7. Rule 224 of the Central Excise Rules, 1944 is a special provision for clearance of goods on pre-budget / budget day. It is an option given to the assessee for removal of goods on these days on fulfillment of the conditions as prescribed in the said Rules. I find that in this case, the assessee cleared the goods on fulfillment of the conditions as prescribed in the said Rules. As such, the special provision under Rule 224 of the Rules, 1944 enacted for the purpose of carry out the Act in a particular situation and therefore, Rule 224 cannot said to be traveled beyond the scope of the Act.

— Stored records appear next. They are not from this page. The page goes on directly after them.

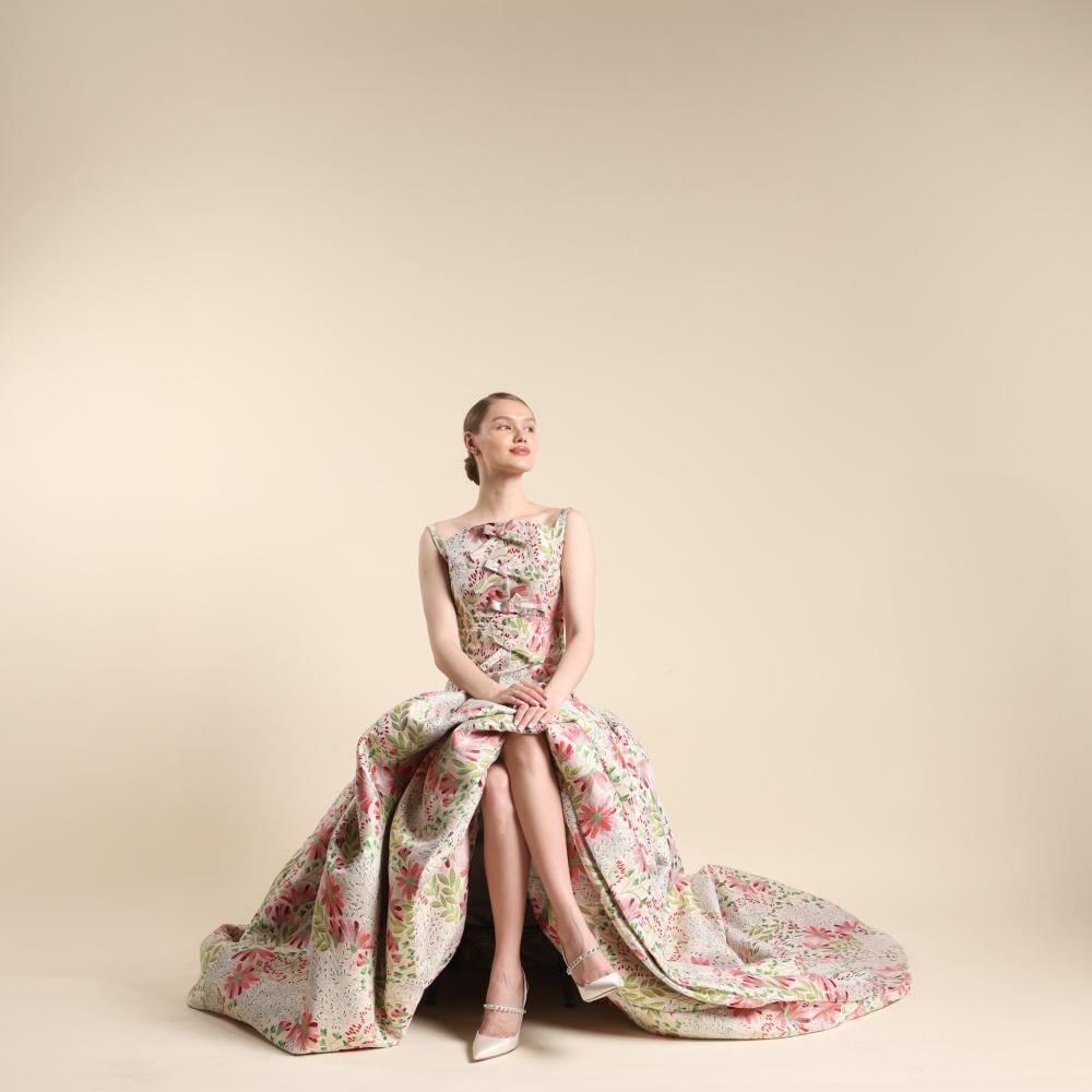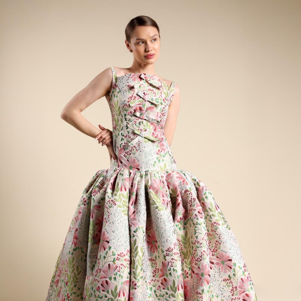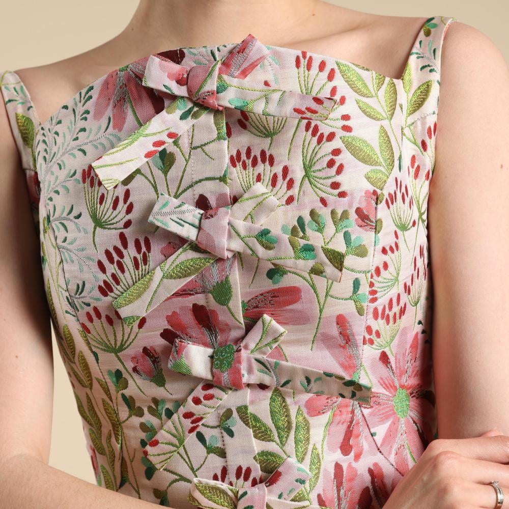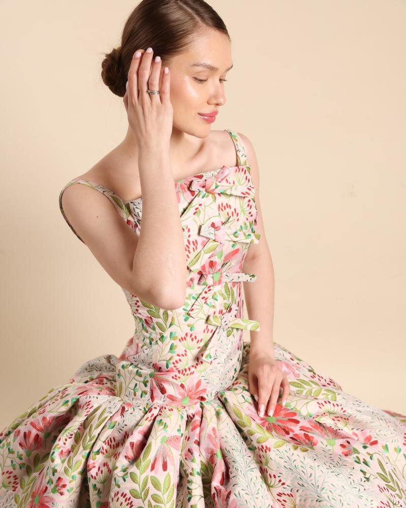 فستان من تفتة الجاكار المطبوعة بنقشة الزهور، بصدر منحوت وفيونكات لطيفة، يعكس رقة الربيع.
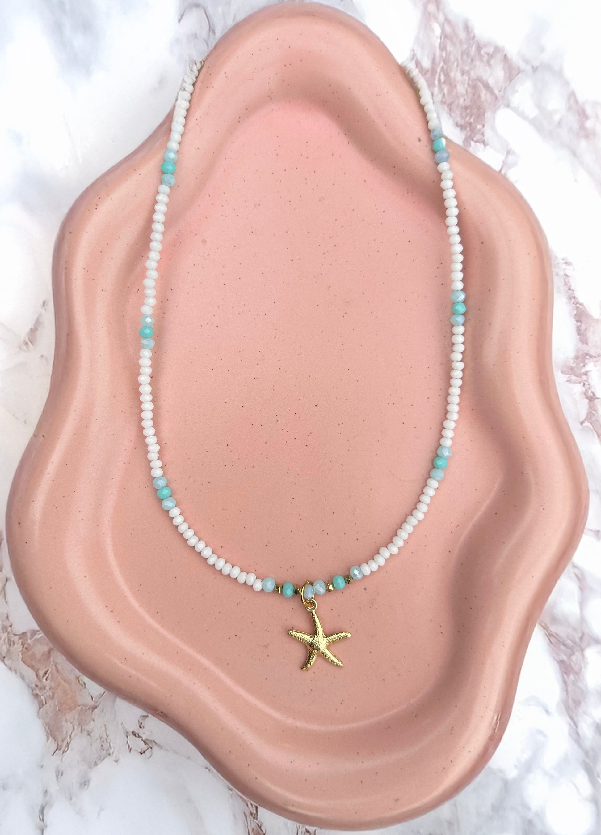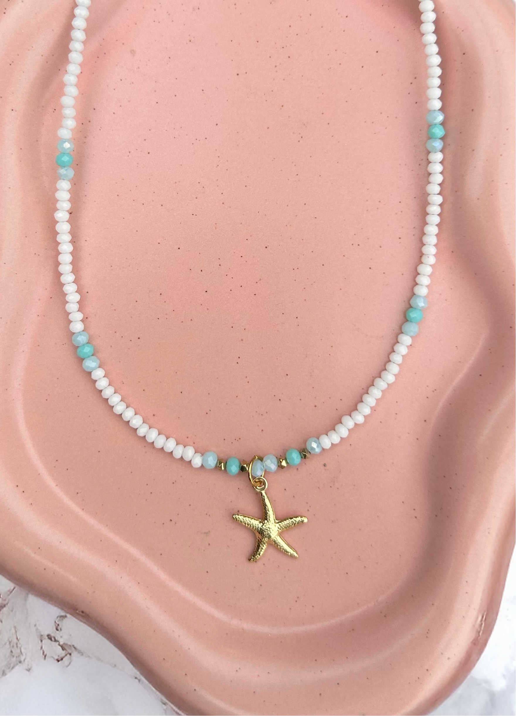 This beaded crystal necklace is made with authentic aquamarine. This stone is used for soothing, calming, and stress. Made with hypoallergenic 18k gold plating and stainless steel metals that are non tarnish and suitable for everyday wear. Choose your preferred length below.
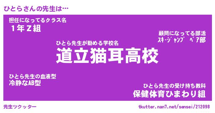 | ヘコむあだ名 | 『ひとにー』『つくし』『ひとっ子』 |
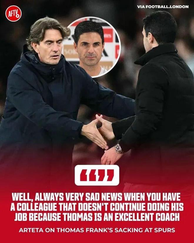 热刺在主场1-2不敌纽卡斯尔联,英超连续8轮不胜,仅领先降级区5分。赛后,热刺宣布换帅,主帅弗兰克黯然下课。据统计,弗兰克一共执教热刺244天,带队英超26场比赛仅赢下7场。在首回合北伦敦德比战中,热刺1-4完败阿森纳。而在下周末,热刺将坐镇主场迎战阿森纳,届时球队将由新帅带队出战。正所谓换帅如换刀,这对阿森纳而言并非好消息。
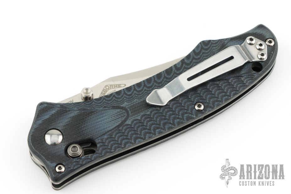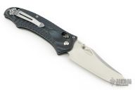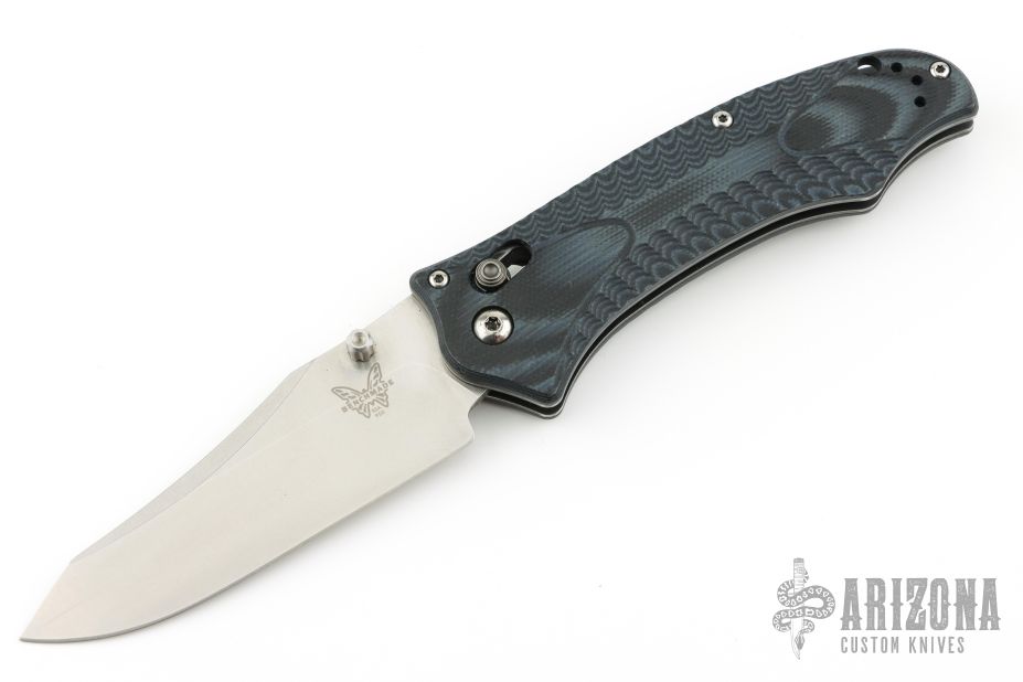 This 950 Axis Lock Rift from Benchmade features a clip point matte finish blade with swedge and dual thumb studs. The handle is comprised of machined black/white G-10 with black coated stainless steel liners and reversible tip up pocket clip. Has a couple light scuffs, otherwise Excellent condition.
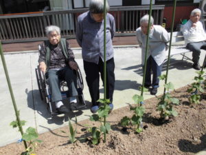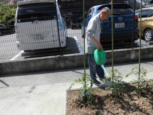 畑に水やりをして頂きました
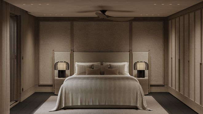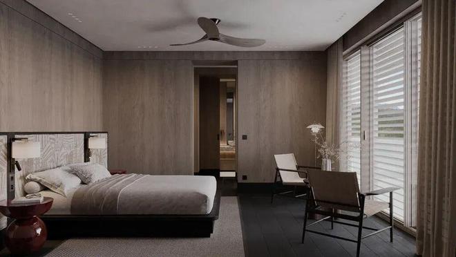 卧室完全是治愈系!温暖的木饰面+柔和的中性色,像被温柔包裹住一样~ 矮床和带微妙图案的床头板增添了肌理感,却不杂乱。阳光透过层层窗帘洒进来,窗边的小休息区,随手拿本书就能待一下午,太惬意了。
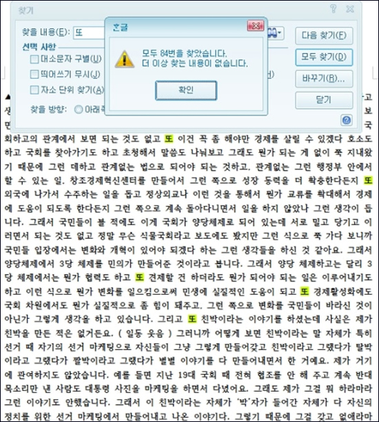 ▲ 박 대통령과 언론사 편집·보도국장의 비공개 질의응답 전문에서 박 대통령의 발언 중 ‘또’라는 단어를 검색한 결과

7. The contention of the learned advocate that enhanced rate of duty would be governed under the provisional clause of Tax Act and therefore, Rule 224(2A) is not applicable herein, is not correct in my view. I find that the Larger Bench decision in the case of Vikrant Tyres Ltd. (Supra) had also given a detailed finding on this issue as under:

14. ... Similarly, in Indian Explosive Ltd., Calcutta (supra) Special Excise duty was introduced for the first time in 1978 Budget on the Urea Fertilizer and the assessee cleared those goods on the eve of the budget and thereafter they were called upon to the duty in terms of the undertaking furnished by them under Rule 224(2A). Since no special duty existed on the goods at the time of removal, any undertaking given by them under the said Rule, was not of any help to the Revenue for claiming the duty. It was under these circumstances, the Bench after commenting on the interpretation and scope of Section 4 of the Provisional Collection of Taxes and Rule 224(2A), came to the conclusion that special duty could be claimed only after the midnight hours of the date of budget onwards and not prior to that. But such is not the situation in the instant case, in the light of facts and circumstances referred above.

8. In view of the above, I do not find any reason to interfere with the order of the lower appellate authority and accordingly, the appeal is rejected.